ACTIVITY: Return, unchanged and with no pictures, the lines below from the very first through the one that contains "Сувенир крыса-король змеевик".

DATA EXCERPTS:
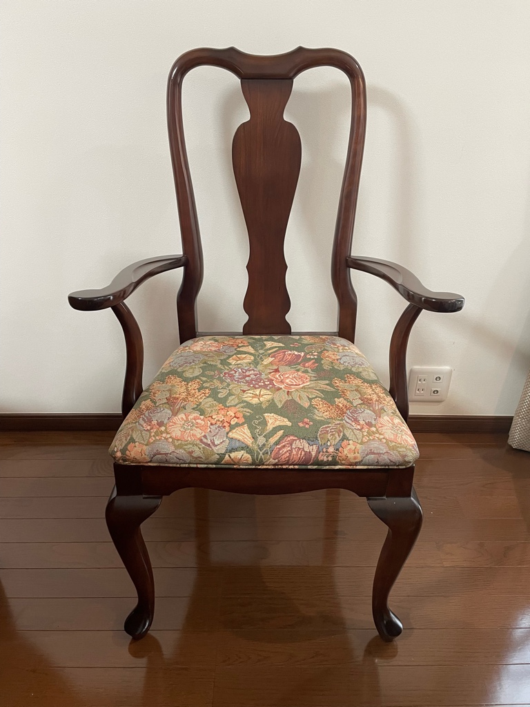 張り替え前のチェアは、濃いブラウンの美しい木製フレームに、クラシカルなタペストリー調の花柄ファブリックがあしらわれていました。座面はベージュをベースに、ピンク、オレンジ、グリーンなどが織り込まれた多色使いの生地で、まさに“重厚感のある上品な椅子”という印象。
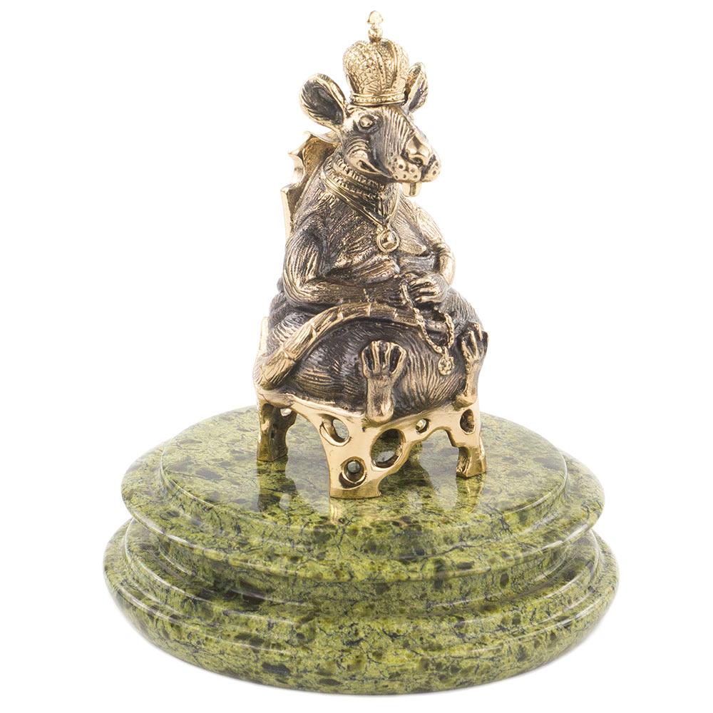 Сувенир крыса-король змеевик бронза 110х110х130 мм 890 гр.
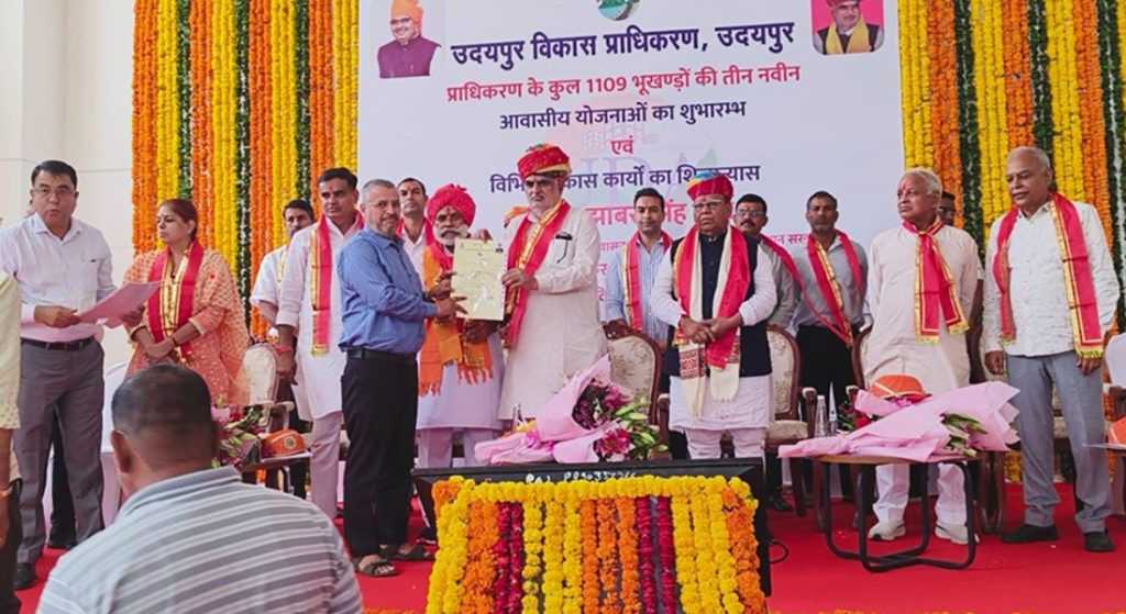 मंत्री खर्रा ने रिमोर्ट बटन दबाकर विभिन्न विकास कार्यों और परियोजनाओं का शिलान्यास किया। आर्थिक दृष्टि से कमजोर, अल्प आय, मध्यम आय और उच्च आय वर्ग के लिए साउथ एक्सटेंशन सेक्टर-ए में 550 भूखण्ड, कलड़वास में उद्यम विहार में 311 और राजस्व गांव नौहरा में नान्देश्वर एनक्लेव में 248 सहित कुल 1109 आवासीय भूखण्डों की आवासीय योजना लॉटरी-पुस्तिका का विमोचन और शुभारम्भ किया। वहीं, एनएच-8 बलीचा तिराहे से कुंडाल तक प्रोफाइल करेक्शन एवं डामरीकरण (7.12 करोड़) राजस्व ग्राम ढिकली में मास्टर प्लान की 60 फीट पुराना आरटीओ सड़क सुदृढ़ीकरण कार्य (4.27 करोड़),  प्राधिकरण की मीरा नगर योजना, भुवाणा में 100 फीट रोड जोड़ने वाली मास्टर प्लान सड़क (3.21 करोड़) कलड़वास आवासीय योजना में आंतरिक सड़कें (2.90 करोड़), दक्षिण विस्तार योजना में आंतरिक सड़कों के निर्माण कार्य ब्लॉक-सी (3.10 करोड़),़ सापेटिया, समता नगर, बीजी नगर से मानसरोवर कॉलोनी तक नाला (4.09 करोड़), राजस्व ग्राम भुवाणा में डागलियों के तालाब तक खजुरिया नाला (2.93 करोड़) एकलिंगपुरा गांव से आयड़ नदी तक नाला (2.68 करोड़), परशुराम चौराहे से जनकपुरी तक नाला निर्माण (1.74 करोड़) और माली कॉलोनी जेसी बॉस सड़क पर स्थित आरसीए वाणिज्यिक योजना बी-ब्लॉक में टेकरी से राड़ाजी तक की 60 फीट सड़क निर्माण (59 लाख) शामिल हैं।
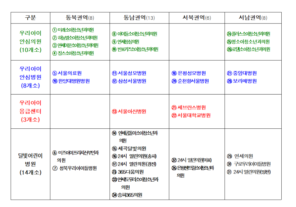 서울형 야간, 휴일 소아 환자를 위한 소아과 안내
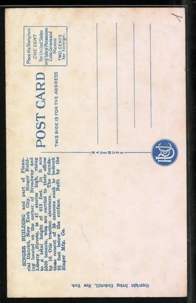 AK New York, NY, Singer Building and Part of Financial District
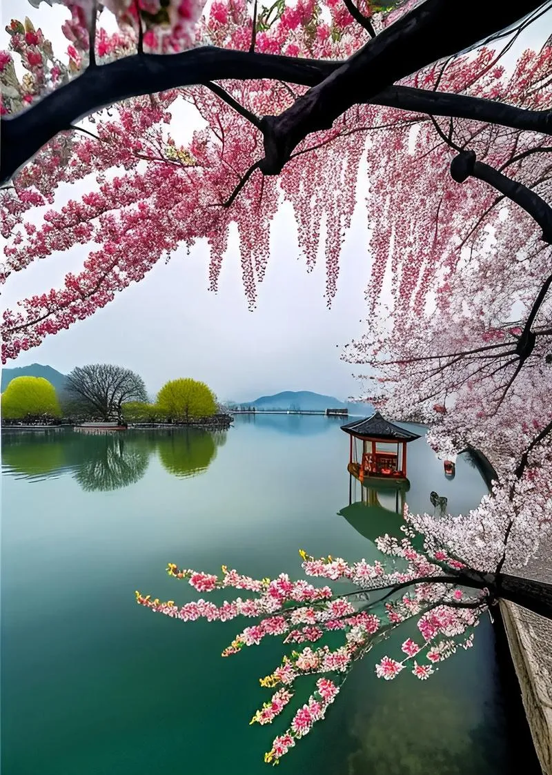 春天,湖边的柳树抽出嫩绿的新芽,桃花、樱花竞相绽放,整个西湖如诗如画;
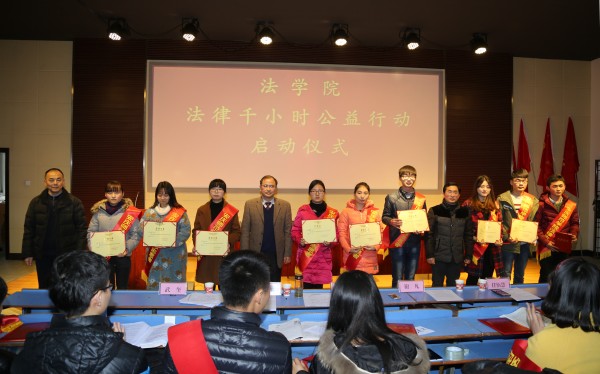 “奉献的青春最美丽”“让青春在公益行动中增值”“一人十小时‘小行动’汇聚百人千小时‘大不同’”……文津楼111报告厅里一条条鲜艳的条幅分外醒目。1月6日下午,141jj 法律千小时公益行动启动仪式在这里举行。院长焦少林、党总支书记詹德全、副院长朱留虎出席仪式,学院党政办、教研办、学工办全体老师,法学专业学生共计300余人参加了启动仪式。
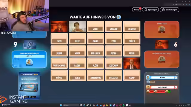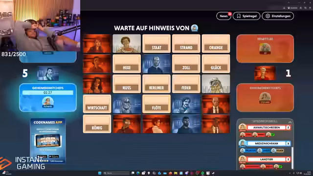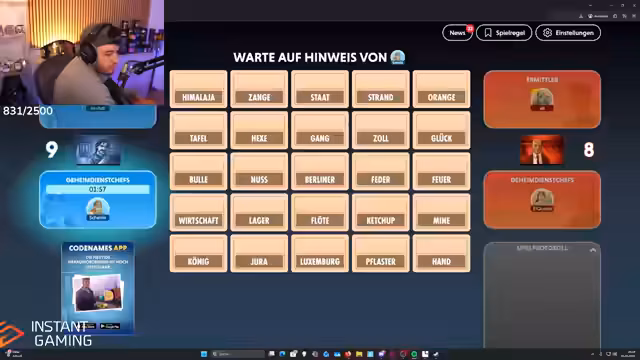 01:23:01Die Spieler besprechen ihre Strategien und überlegen, wie sie sich in kommenden Runden verbessern können. Es wird überlegt, in 'ArcGradius' zu gehen und einen Run für Werkstatt-Loot oder Hühnchen-Loot zu machen, um Werkbänke zu verbessern. Die Suche nach Pilzen wird erwähnt, da diese selten sind und für Upgrades benötigt werden. Die Spieler erinnern sich an eine frühere Dreier-Runde und die damit verbundenen Herausforderungen. Das Codenames-Spiel beginnt, und die Regeln werden erneut erklärt, insbesondere die Notwendigkeit, immer die angegebene Anzahl an Wörtern zu wählen. Die Spieler diskutieren die Bedeutung von Wörtern wie 'Himalaya', 'Tafel' und 'Bulle' und versuchen, Verbindungen zu finden. Der Chat wird vorübergehend deaktiviert, um die Konzentration zu erhöhen. Die erste Runde ist geprägt von Unsicherheiten und Spekulationen über die richtigen Assoziationen, wobei 'Küche 2' als Hinweis gegeben wird. Die Spieler versuchen, passende Wörter wie 'Zange', 'Ketchup' und 'Gang' zu finden, was zu gemischten Gefühlen führt.
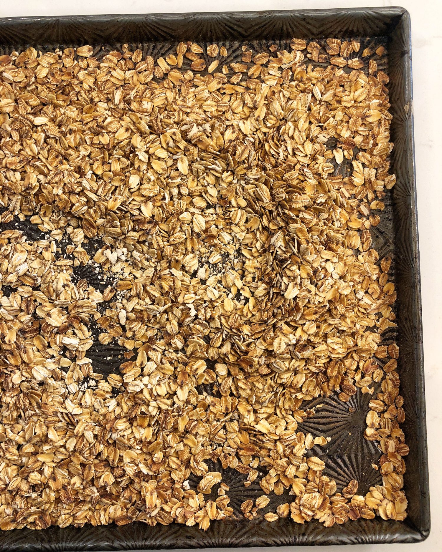 - Place the oats on a baking sheet and bake, stirring occasionally till they smell toasty and are golden brown. About 10 minutes. Keep the oven on.

OUTPUT OF THE EXERCISE:
 張り替え前のチェアは、濃いブラウンの美しい木製フレームに、クラシカルなタペストリー調の花柄ファブリックがあしらわれていました。座面はベージュをベースに、ピンク、オレンジ、グリーンなどが織り込まれた多色使いの生地で、まさに“重厚感のある上品な椅子”という印象。
 Сувенир крыса-король змеевик бронза 110х110х130 мм 890 гр.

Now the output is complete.